Supplied data section start

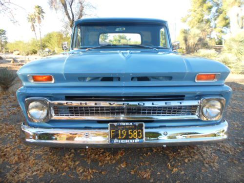 Life Long Black Plate California Truck! Rock solid and rust free. Restored frame up. Runs and drives excellent! Rebuilt stock 230 CI engine with a sweet sounding split manifold and dual exhaust. The engine is very clean and shows well. Power steering allows for ease of handling. New bed wood and rails. New fuel tank. New chrome. New door and window weather seals and window whiskers. Glass is perfect. AM-FM Radio. No signs of any hit damage or patch panels. The paint is a bright blue like stock and is laser straight. There are a couple of nicks in the paint that you have to look closely to find. The shifter is located on the floor. I showed the truck for the first time last week-end 2/24/14 and five independent judges awarded it a first place in its class. You will not find a more purer, unmolested 1964 body. No disappointments here. NO TRADES. Please call me (I do not text) at 520-245-2983 or e-mail me with any questions you may have.
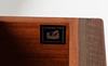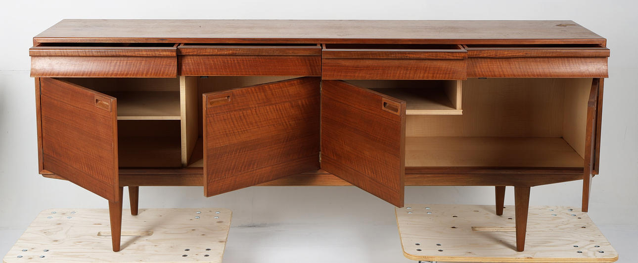 The teak sideboard with four drawers and cupboard doors, raised on square tapering legs, label to a drawer interior, approx. 82cm height, 206cm width, 47cm depth.
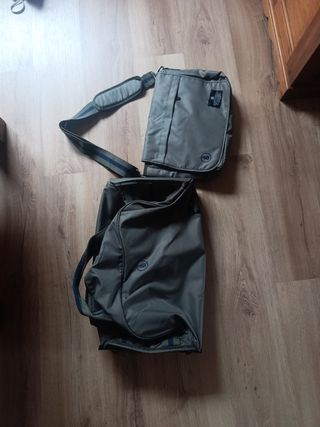 Vendo un bolso bandolera y una maleta de viaje. Ambos están en perfecto estado. - Son de color verde oliva. - La maleta es tipo deportivo. - El bolso es perfecto para llevar al hombro.
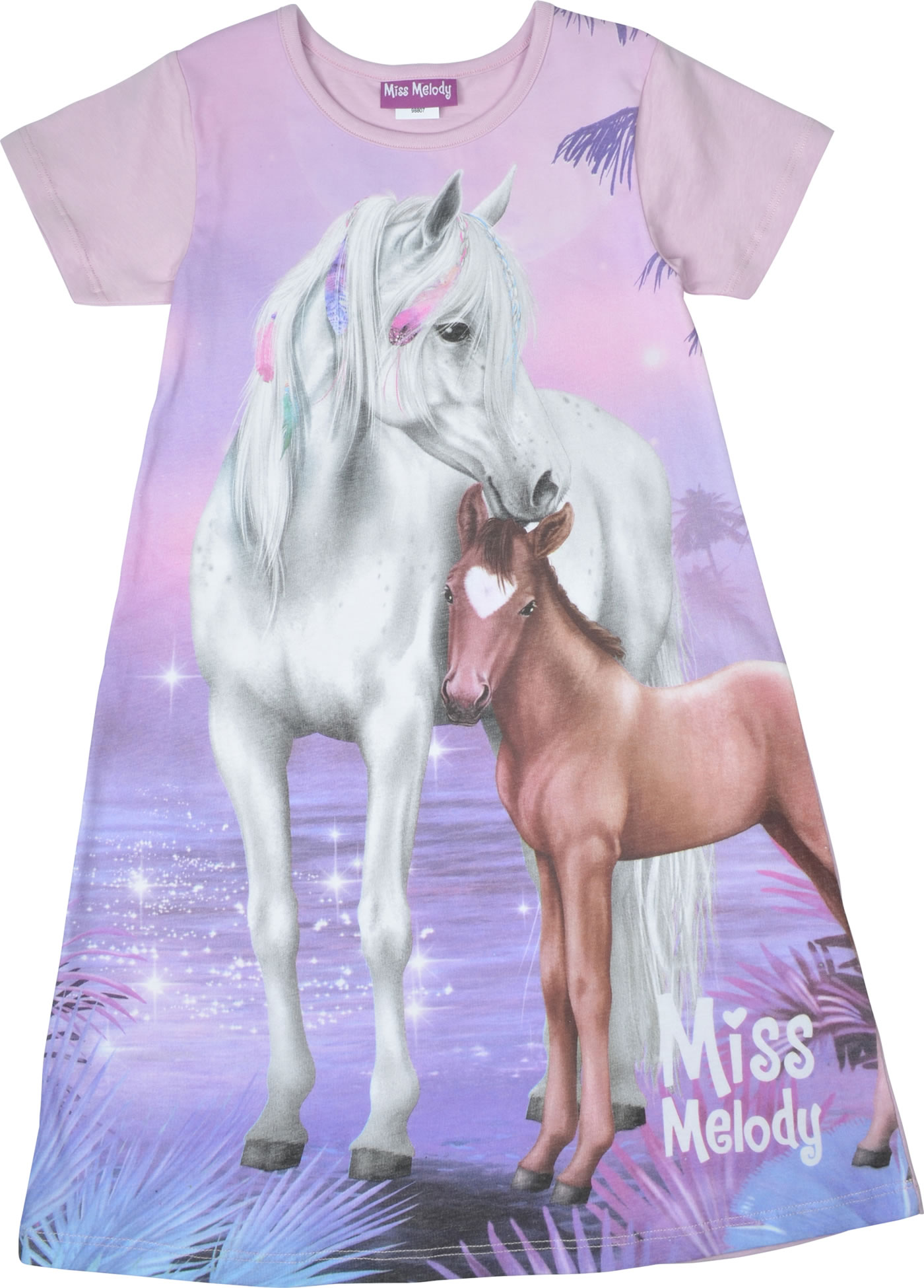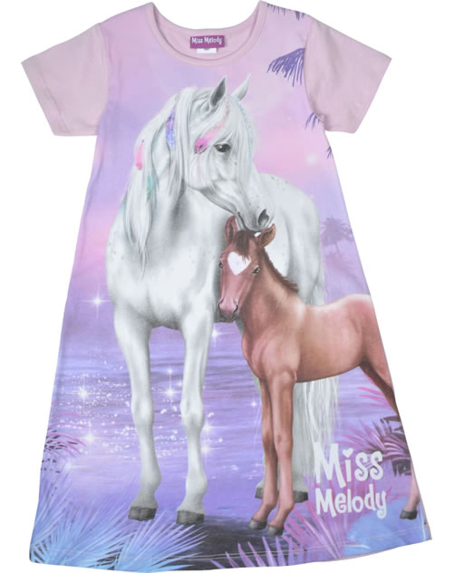 Hübsches Nachthemd mit kurzen Ärmeln in lila von MISS MELODY mit tollem Pferde-Motiv auf der Vorderseite.
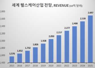 - 2020년 세계 헬스케어산업 규모(수익)는 약 2조 달러로 추정되며, 2025년까지 약 2.7조 달러에 육박할 것으로 전망된다.
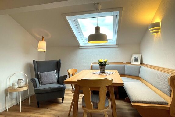 Klein und fein lädt dich unsere frisch renovierte Kleine Ferienwohnung zu einem erholsamen Aufenthalt ein. Unsere Große bietet viel Platz und eine sonnige Terrasse. Auf dem überdachtem Balkon der kleinen Ferienwohnung lässt es sich bei jedem Wetter gemütlich sitzen. In den gut ausgestatteten Küchen kann man sich bei Bedarf gut selbst versorgen.
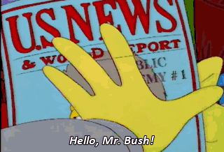 Hello, Mr. Bush! George, this is a neighborhood boy, Bart Simpson. He came over to say hi.
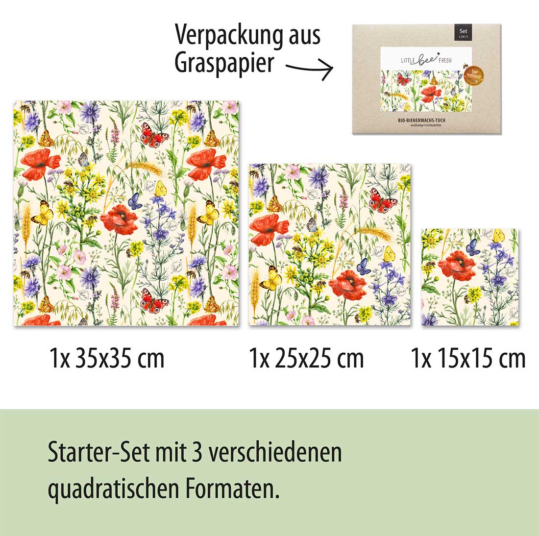 - Lieferumfang: 1x großes Tuch “L” (35 x 35 cm), 1x mittleres Tuch “M” (25 x 25 cm) und 1x kleines Tuch “S” (15 x 15 cm)

Supplied data section end

### Task requirements
Set down all entries above again, exactly, without images.

### Solution for this task
 Life Long Black Plate California Truck! Rock solid and rust free. Restored frame up. Runs and drives excellent! Rebuilt stock 230 CI engine with a sweet sounding split manifold and dual exhaust. The engine is very clean and shows well. Power steering allows for ease of handling. New bed wood and rails. New fuel tank. New chrome. New door and window weather seals and window whiskers. Glass is perfect. AM-FM Radio. No signs of any hit damage or patch panels. The paint is a bright blue like stock and is laser straight. There are a couple of nicks in the paint that you have to look closely to find. The shifter is located on the floor. I showed the truck for the first time last week-end 2/24/14 and five independent judges awarded it a first place in its class. You will not find a more purer, unmolested 1964 body. No disappointments here. NO TRADES. Please call me (I do not text) at 520-245-2983 or e-mail me with any questions you may have.
 The teak sideboard with four drawers and cupboard doors, raised on square tapering legs, label to a drawer interior, approx. 82cm height, 206cm width, 47cm depth.
 Vendo un bolso bandolera y una maleta de viaje. Ambos están en perfecto estado. - Son de color verde oliva. - La maleta es tipo deportivo. - El bolso es perfecto para llevar al hombro.
 Hübsches Nachthemd mit kurzen Ärmeln in lila von MISS MELODY mit tollem Pferde-Motiv auf der Vorderseite.
 - 2020년 세계 헬스케어산업 규모(수익)는 약 2조 달러로 추정되며, 2025년까지 약 2.7조 달러에 육박할 것으로 전망된다.
 Klein und fein lädt dich unsere frisch renovierte Kleine Ferienwohnung zu einem erholsamen Aufenthalt ein. Unsere Große bietet viel Platz und eine sonnige Terrasse. Auf dem überdachtem Balkon der kleinen Ferienwohnung lässt es sich bei jedem Wetter gemütlich sitzen. In den gut ausgestatteten Küchen kann man sich bei Bedarf gut selbst versorgen.
 Hello, Mr. Bush! George, this is a neighborhood boy, Bart Simpson. He came over to say hi.
 - Lieferumfang: 1x großes Tuch “L” (35 x 35 cm), 1x mittleres Tuch “M” (25 x 25 cm) und 1x kleines Tuch “S” (15 x 15 cm)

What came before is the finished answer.